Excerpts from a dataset
------------------------

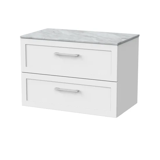 nuie Lux Larck 800mm 2- Drawer Wall Hung Unit with Grey Marble Top - Matt White
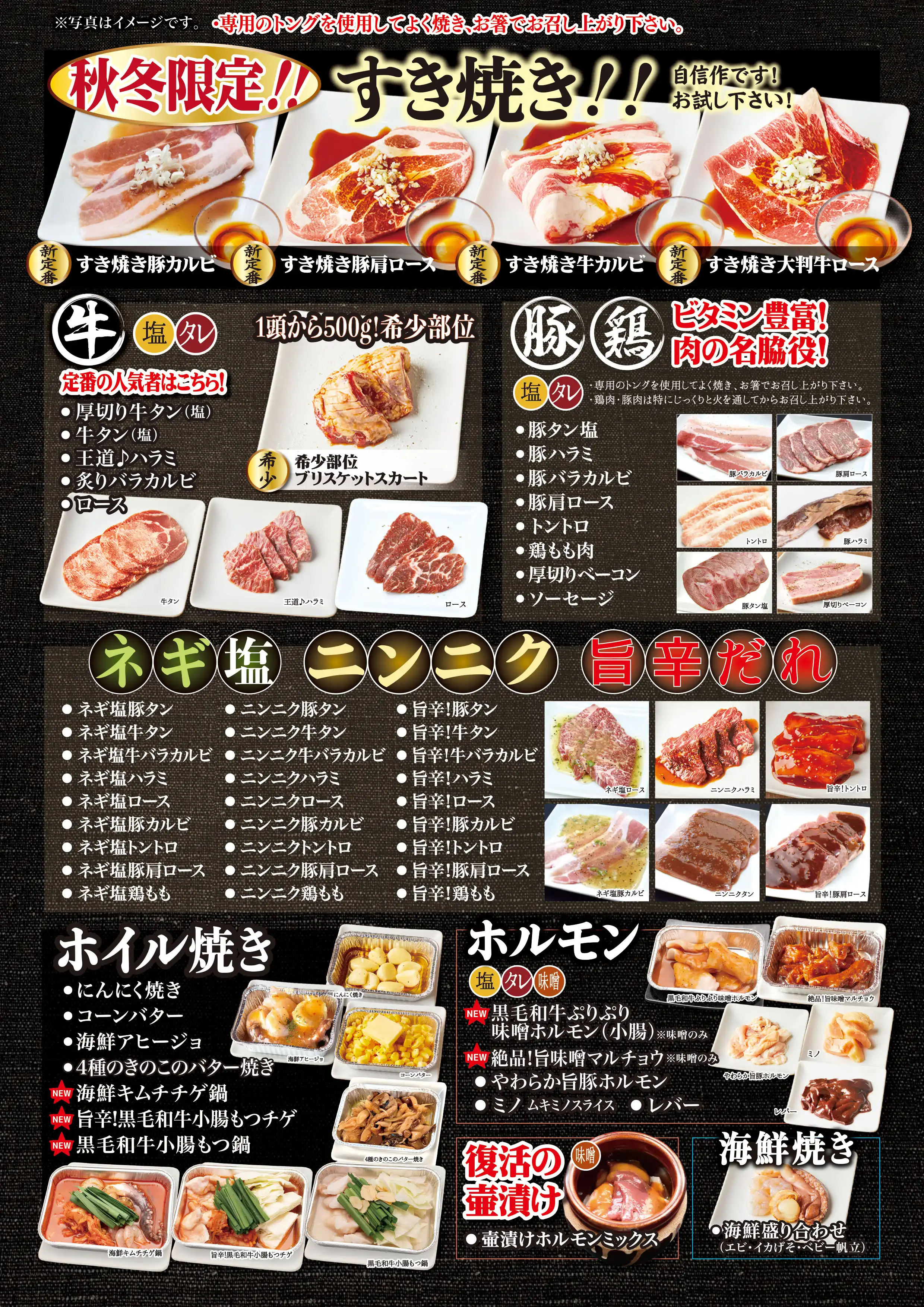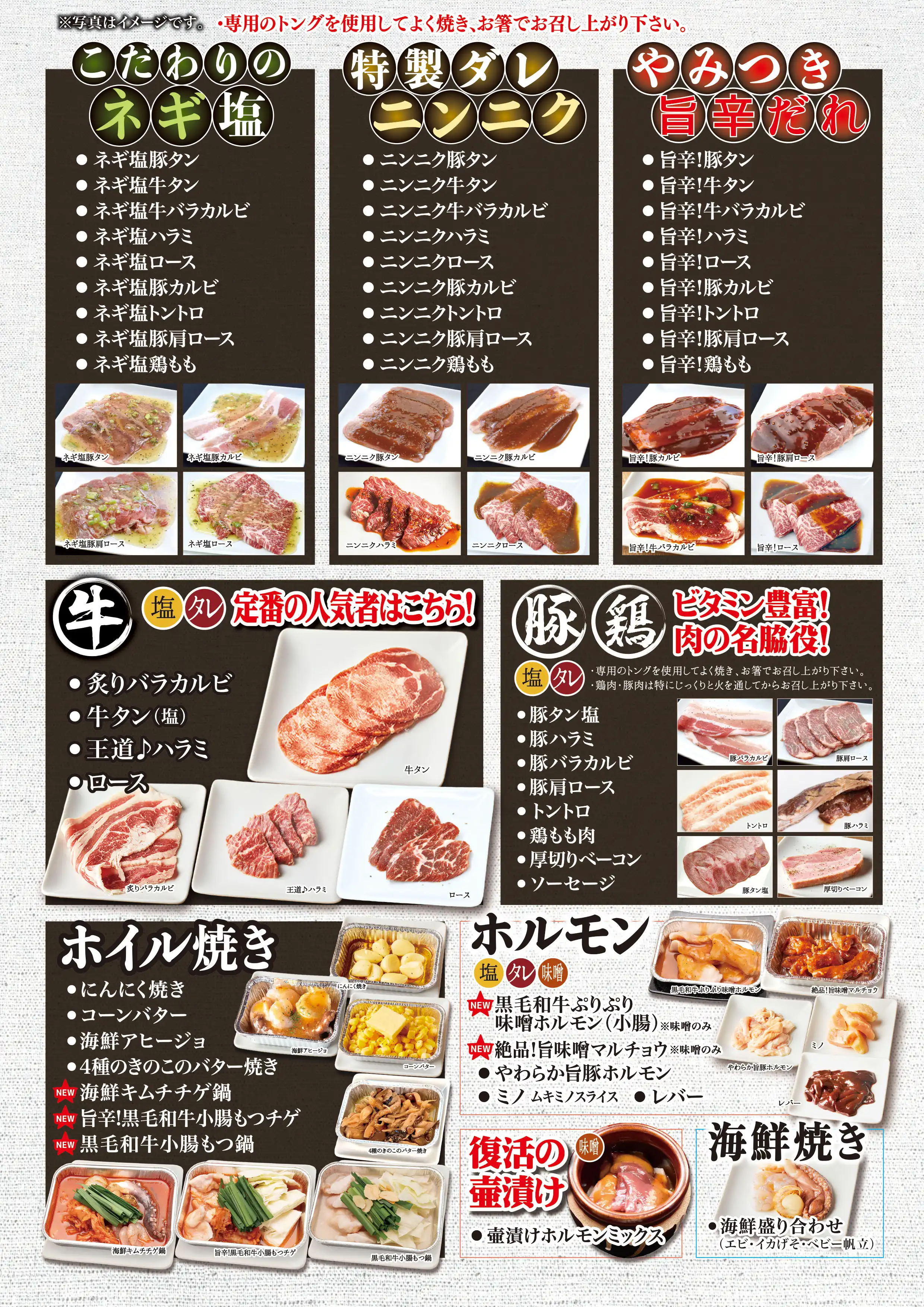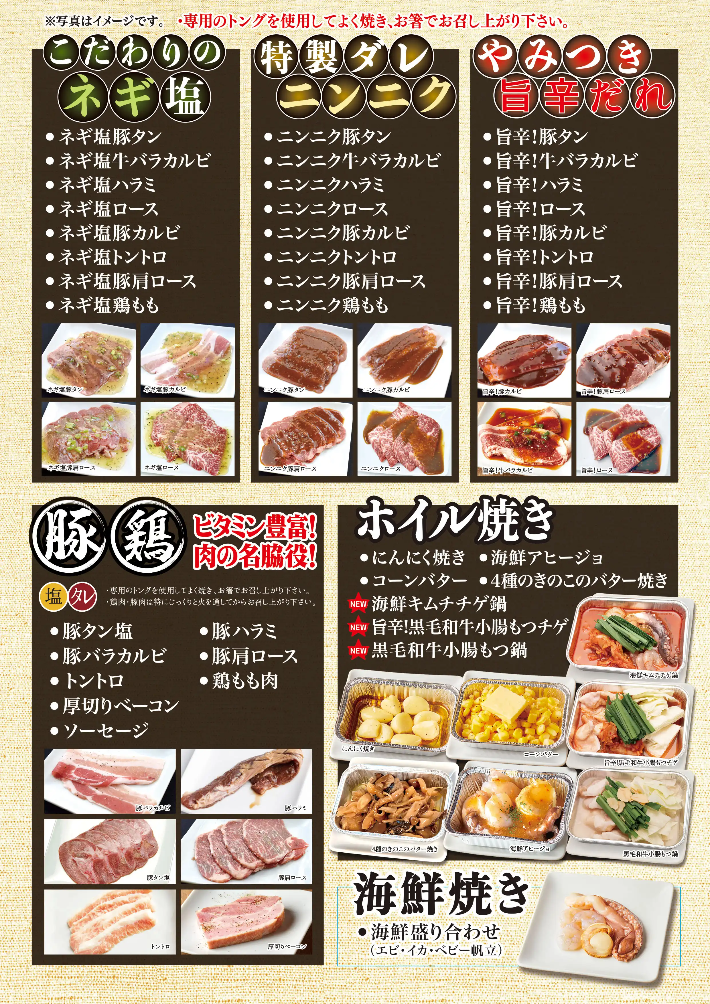 | コース内容 | 【肉屋の台所 名物】(塩・タレ) 肉屋名物ワイルドカットハラミステーキ 【1頭から500g!希少部位】(塩・タレ) 希少部位ブリスケットスカート 【出汁焼きしゃぶ】 出汁焼きしゃぶ牛カルビ/出汁焼きしゃぶ牛ロース/出汁焼きしゃぶ豚カルビ/出汁焼きしゃぶ豚肩ロース 【すき焼き】 すき焼き牛カルビ/すき焼き大判牛ロース/すき焼き豚カルビ/すき焼き豚肩ロース 【牛・豚・鶏】(塩・タレ) 王道ハラミ/炙りバラカルビ/ロース/豚タン/豚ハラミ/豚バラカルビ/豚肩ロース/トントロ/鶏もも/厚切りベーコン/ソーセージ 【復活の壷漬け】 壷漬けホルモンミックス 【ホルモン】(塩・タレ・味噌) やわらか旨豚ホルモン/ミノ/黒毛和牛ぷりぷり味噌ホルモン(小腸)/絶品!旨味噌マルチョウ/レバー 【ネギ塩】 ハラミ/タン/牛バラカルビ/ロース/豚カルビ/トントロ/豚肩ロース/鶏もも 【ニンニクだれ】 ハラミ/タン/牛バラカルビ/ロース/豚カルビ/トントロ/豚肩ロース/鶏もも 【旨辛だれ】 ハラミ/タン/牛バラカルビ/ロース/豚カルビ/トントロ/豚肩ロース/鶏もも 【サイドメニュー】 手仕込み白菜生キムチ/カクテキ/キムチ盛り合わせ/オイキムチ/もやしナムル/小松菜ナムル/シーザーサラダ/肉屋のサラダ(特製塩ごまだれ)/まき野菜/塩だれキャベツ/おつまみメンマ/ポテトサラダ/ごはん/肉屋のカレー/一口冷麺一/口冷麺(梅味)/コムタンスープ/韓国のり/おつまみうずら/チヂミ/ビビンバ 【肉屋のTKGシリーズ】 肉屋のTKG しょうゆ・塩/肉屋のTKGネギ油 【焼き野菜・ホイル焼き】 焼き野菜盛り/にんにく焼き/4種のきのこのバター焼き/コーンバター/海鮮アヒージョ/ヤンニョム海鮮盛り 【海鮮】 海鮮盛り合せ(エビ・イイダコ・ホタテ) 【デザート】 杏仁豆腐/フルーツポンチ 生チョコアイス・チョコ 生チョコアイス・バニラ 生チョコアイス・抹茶 |
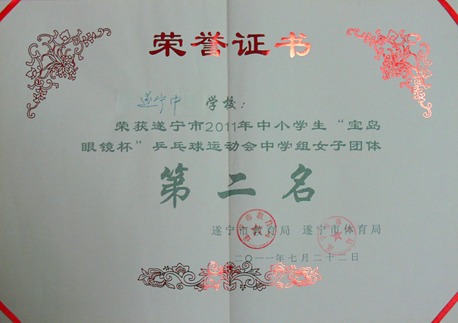 2011年7月荣获遂宁市2011年中小学乒乓球运动会中学组男子团体“第二名”
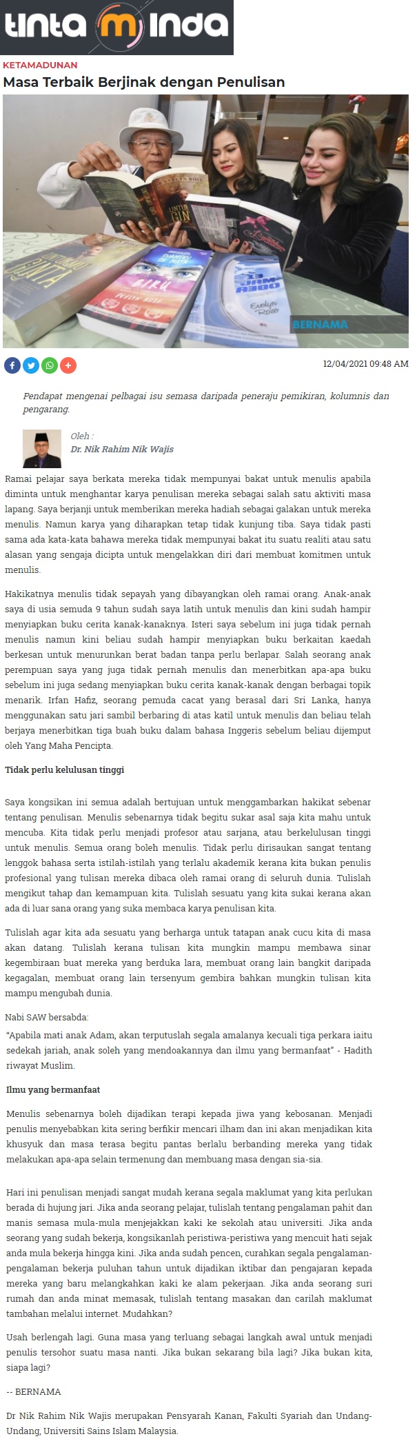 - BERNAMA (TINTA MINDA) 12 APRIL 2021 MASA TERBAIK BERJINAK DENGAN PENULISAN.jpg
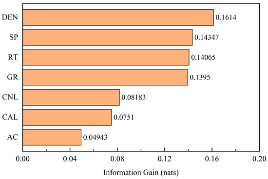 Sensitivity analysis plays an important role in quantifying the influence of each input parameter on the model outputs, helping to identify the most effective features and guiding model interpretation and optimization. For instance, Jolfaei and Lakirouhani [36] employed the cosine amplitude method (CAM) in conjunction with a neural network to conduct sensitivity analysis on the parameters affecting borehole breakout dimensions. In this study, we adopted the concept of sensitivity analysis and implemented it using mutual information to measure the dependency between each well-logging parameter and the target variable (reservoir type). A higher mutual information value indicates that a feature contains more target-related information and thus has a stronger impact on the model. To identify key well-logging parameters, we calculated mutual information scores between each feature and the target, and the calculation results are shown in Figure 20.
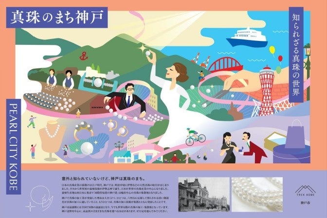 PRスペース内に、なぜ神戸が真珠のまちなのかを紐解くパネルを掲示し、神戸が世界屈指の真珠加工地として歩んだ歴史を紹介します。
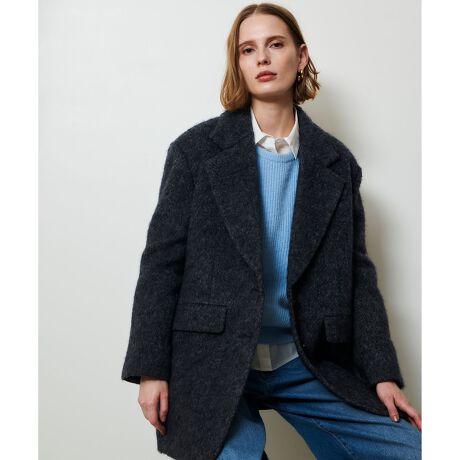 肩パットを入れたボクシーなフォルムが醸し出すモードな雰囲気と、軽くて柔らかいモヘアシャギーのバランスが、絶妙な一枚に。
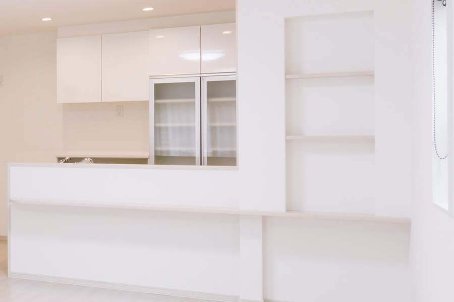 リビングに面した対面キッチンの壁には、A様のご要望でニッチとカウンターを設けました。

------------------------

- _Work to complete_
Leaving out the pictures, print every record exactly as written.

- _Result_
 nuie Lux Larck 800mm 2- Drawer Wall Hung Unit with Grey Marble Top - Matt White
 | コース内容 | 【肉屋の台所 名物】(塩・タレ) 肉屋名物ワイルドカットハラミステーキ 【1頭から500g!希少部位】(塩・タレ) 希少部位ブリスケットスカート 【出汁焼きしゃぶ】 出汁焼きしゃぶ牛カルビ/出汁焼きしゃぶ牛ロース/出汁焼きしゃぶ豚カルビ/出汁焼きしゃぶ豚肩ロース 【すき焼き】 すき焼き牛カルビ/すき焼き大判牛ロース/すき焼き豚カルビ/すき焼き豚肩ロース 【牛・豚・鶏】(塩・タレ) 王道ハラミ/炙りバラカルビ/ロース/豚タン/豚ハラミ/豚バラカルビ/豚肩ロース/トントロ/鶏もも/厚切りベーコン/ソーセージ 【復活の壷漬け】 壷漬けホルモンミックス 【ホルモン】(塩・タレ・味噌) やわらか旨豚ホルモン/ミノ/黒毛和牛ぷりぷり味噌ホルモン(小腸)/絶品!旨味噌マルチョウ/レバー 【ネギ塩】 ハラミ/タン/牛バラカルビ/ロース/豚カルビ/トントロ/豚肩ロース/鶏もも 【ニンニクだれ】 ハラミ/タン/牛バラカルビ/ロース/豚カルビ/トントロ/豚肩ロース/鶏もも 【旨辛だれ】 ハラミ/タン/牛バラカルビ/ロース/豚カルビ/トントロ/豚肩ロース/鶏もも 【サイドメニュー】 手仕込み白菜生キムチ/カクテキ/キムチ盛り合わせ/オイキムチ/もやしナムル/小松菜ナムル/シーザーサラダ/肉屋のサラダ(特製塩ごまだれ)/まき野菜/塩だれキャベツ/おつまみメンマ/ポテトサラダ/ごはん/肉屋のカレー/一口冷麺一/口冷麺(梅味)/コムタンスープ/韓国のり/おつまみうずら/チヂミ/ビビンバ 【肉屋のTKGシリーズ】 肉屋のTKG しょうゆ・塩/肉屋のTKGネギ油 【焼き野菜・ホイル焼き】 焼き野菜盛り/にんにく焼き/4種のきのこのバター焼き/コーンバター/海鮮アヒージョ/ヤンニョム海鮮盛り 【海鮮】 海鮮盛り合せ(エビ・イイダコ・ホタテ) 【デザート】 杏仁豆腐/フルーツポンチ 生チョコアイス・チョコ 生チョコアイス・バニラ 生チョコアイス・抹茶 |
 2011年7月荣获遂宁市2011年中小学乒乓球运动会中学组男子团体“第二名”
 - BERNAMA (TINTA MINDA) 12 APRIL 2021 MASA TERBAIK BERJINAK DENGAN PENULISAN.jpg
 Sensitivity analysis plays an important role in quantifying the influence of each input parameter on the model outputs, helping to identify the most effective features and guiding model interpretation and optimization. For instance, Jolfaei and Lakirouhani [36] employed the cosine amplitude method (CAM) in conjunction with a neural network to conduct sensitivity analysis on the parameters affecting borehole breakout dimensions. In this study, we adopted the concept of sensitivity analysis and implemented it using mutual information to measure the dependency between each well-logging parameter and the target variable (reservoir type). A higher mutual information value indicates that a feature contains more target-related information and thus has a stronger impact on the model. To identify key well-logging parameters, we calculated mutual information scores between each feature and the target, and the calculation results are shown in Figure 20.
 PRスペース内に、なぜ神戸が真珠のまちなのかを紐解くパネルを掲示し、神戸が世界屈指の真珠加工地として歩んだ歴史を紹介します。
 肩パットを入れたボクシーなフォルムが醸し出すモードな雰囲気と、軽くて柔らかいモヘアシャギーのバランスが、絶妙な一枚に。
 リビングに面した対面キッチンの壁には、A様のご要望でニッチとカウンターを設けました。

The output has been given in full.